I had to slightly modify the grammar twice, after having parsed some log files: the one-line format specification does not describe two specific cases I found while checking the files... I really appreciated the direct mapping between the production rules and the code, that let me adapt the code very rapidly and, perhaps more important, very reliably.
Resulting code is quite short: around 290 lines for the lexical analyzer and around 490 lines for the syntactic analyzer (including header files and comments).
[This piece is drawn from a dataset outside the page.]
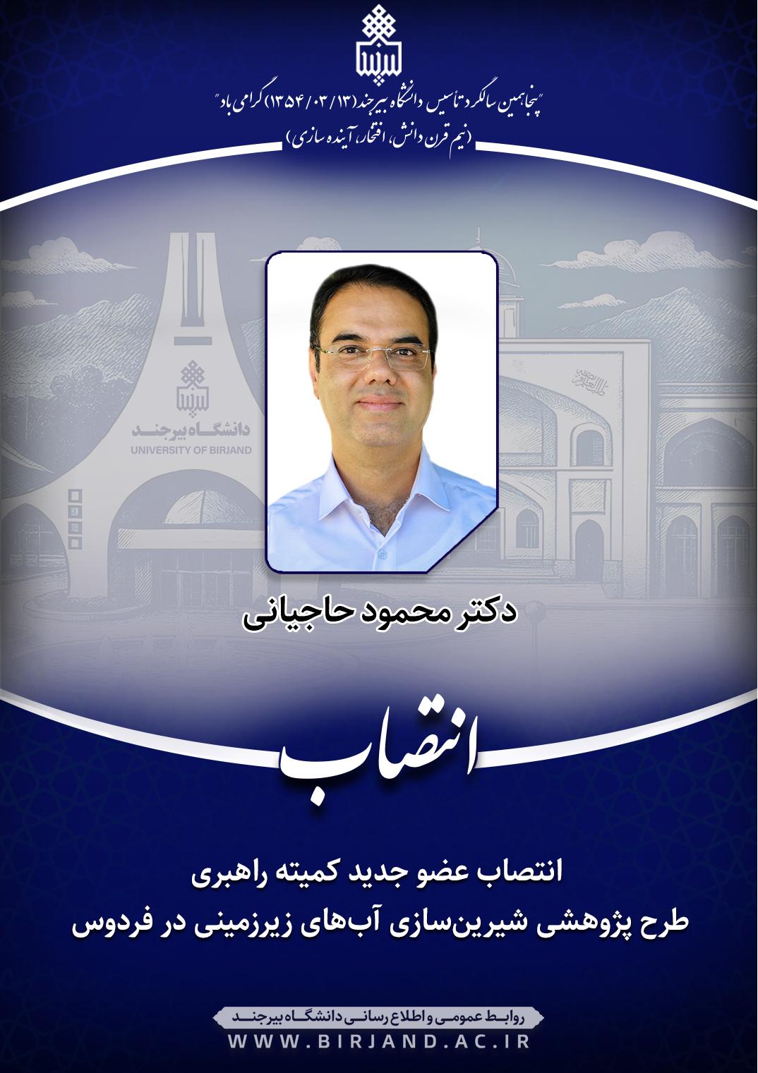 به گزارش روابط عمومی و اطلاع‌رسانی دانشگاه بیرجند، طی حکمی از سوی مهندس عباس سارانی، رئیس هیئت مدیره و مدیرعامل شرکت آب منطقه‌ای خراسان جنوبی، دکتر محمود حاجیانی به عضویت کمیته راهبری پروژه پژوهشی «تعیین روش بهینه شیرین‌سازی آب‌های زیرزمینی نامتعارف به منظور تأمین آب شرب مطالعه موردی شهرستان فردوس» منصوب گردید.

And, as already mentioned, it is reliable.
But using such a technique does not come for free: as for any abstraction mechanism, the developer must have a certain level of experience in the field [2].
There is an abundant literature about parsing. One of the reference books is Compilers: Principles, Techniques, and Tools, from Aho, Ullman, Lam and Sethi (also known as The Dragon Book).
You can also check the Standford University course CS143.
For parser generation, look at Lex and Yacc, the original Unix tools to generate lexical analyzers and parsers. Bison is a more recent parser generator, upward compatible with Yacc.
[1] "little" is not precisely defined. RAM usually starts at 8 KB, up to 512 MB. Clock frequency usually starts at a few MHz, up to a few hundreds of MHz.
[2] One important point is to ensure that the production rules have some specific properties. Looking at the pseudocode provided here, the reader can easily understand why.